Brief: In this exercise, return only the lines that run from the line with "- Wybierz [Wyłącz], jeśli" to the end of the entries below, both included. Pictures are not copied.

Task input:
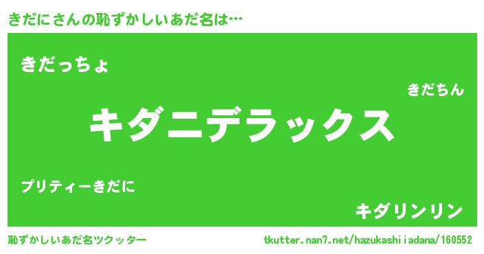 | 男性向けラノベタイトル風あだ名 | 『Re:きだにから始める異世界生活』 |
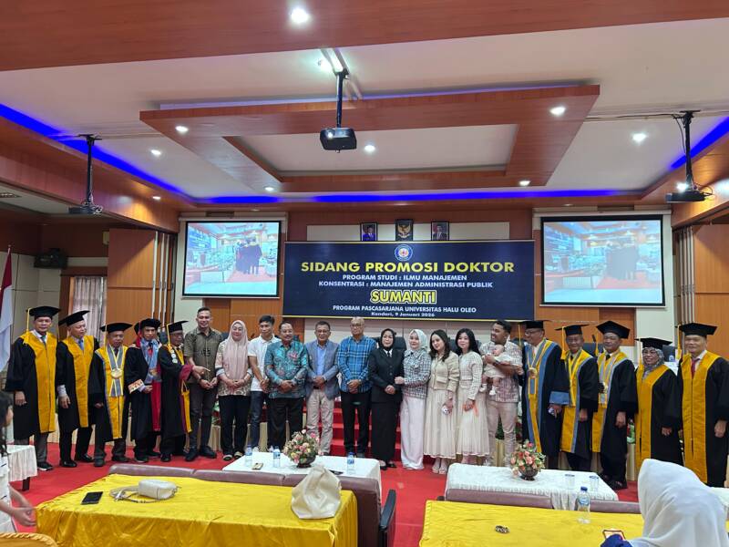 Kali ini, gelar Doktor diraih oleh Dr. Sumanti, S.Sos., M.AP, yang resmi menjadi Doktor ke-448 Universitas Halu Oleo setelah sukses menjalani Ujian Terbuka (Promosi Doktor) pada Program Studi S3 Ilmu Manajemen, Konsentrasi Manajemen Administrasi Publik, Jumat (9/1/2026).
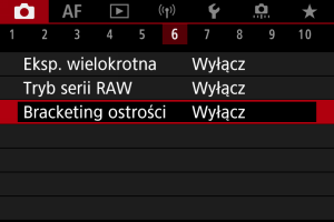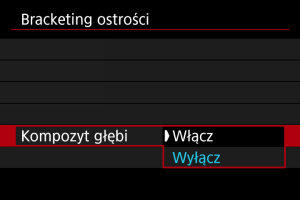 - Wybierz [Wyłącz], jeśli wolisz nie równoważyć zmian w jasności obrazu przy bracketingu ostrości. Użyj tej opcji do celów innych niż tworzenie głębi zarejestrowanych obrazów w aplikacjach takich jak DPP.
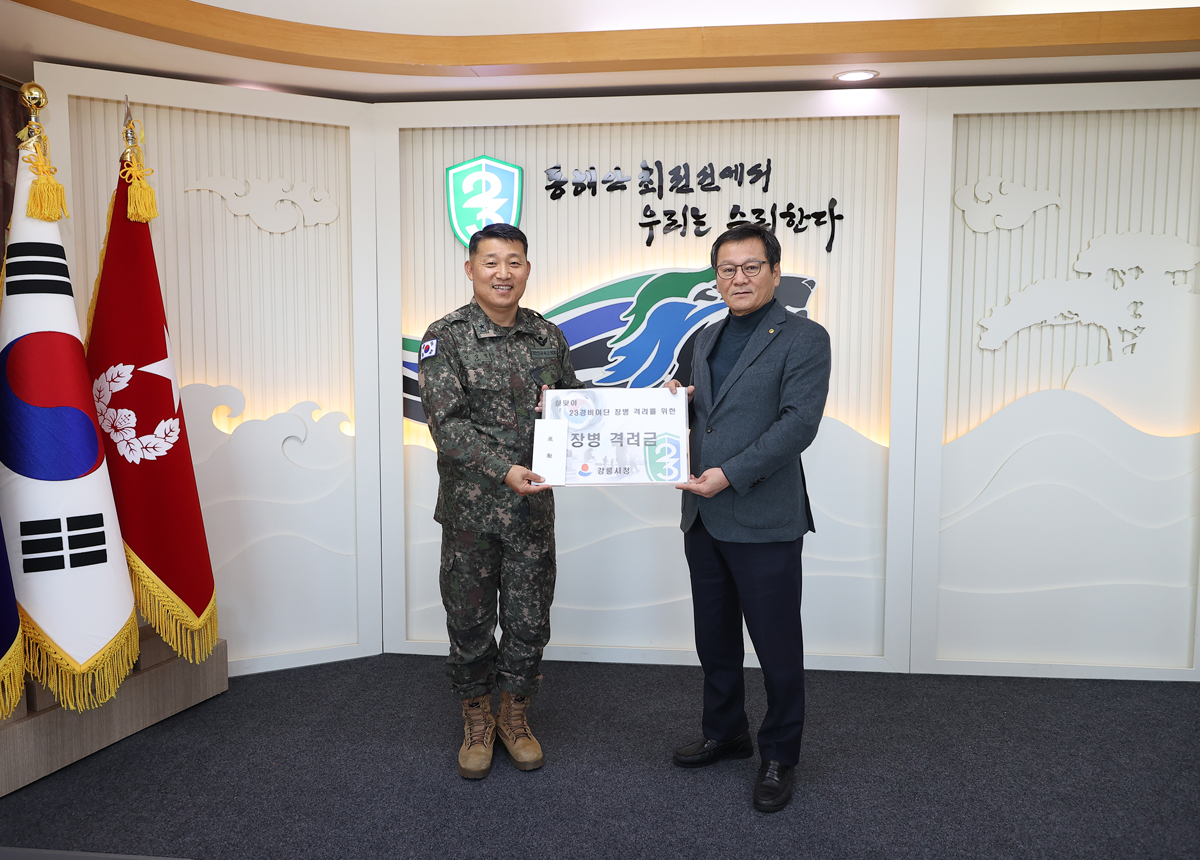 김홍규 강릉시장은 1월 16일 오후 강릉시 관할 부대를 방문, 장병 격려금을 전달하고 군부대 관계자들을 격려했다.
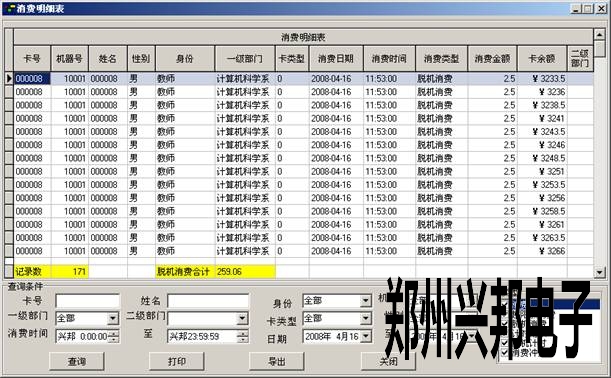 1)       消費(fèi)明細(xì)表:根據(jù)相應(yīng)條件查看卡的消費(fèi)明細(xì),表里顯示了卡的一些基本信息和消費(fèi)的時(shí)間,金額和卡上還有的余額。

Worked solution:
 - Wybierz [Wyłącz], jeśli wolisz nie równoważyć zmian w jasności obrazu przy bracketingu ostrości. Użyj tej opcji do celów innych niż tworzenie głębi zarejestrowanych obrazów w aplikacjach takich jak DPP.
 김홍규 강릉시장은 1월 16일 오후 강릉시 관할 부대를 방문, 장병 격려금을 전달하고 군부대 관계자들을 격려했다.
 1)       消費(fèi)明細(xì)表:根據(jù)相應(yīng)條件查看卡的消費(fèi)明細(xì),表里顯示了卡的一些基本信息和消費(fèi)的時(shí)間,金額和卡上還有的余額。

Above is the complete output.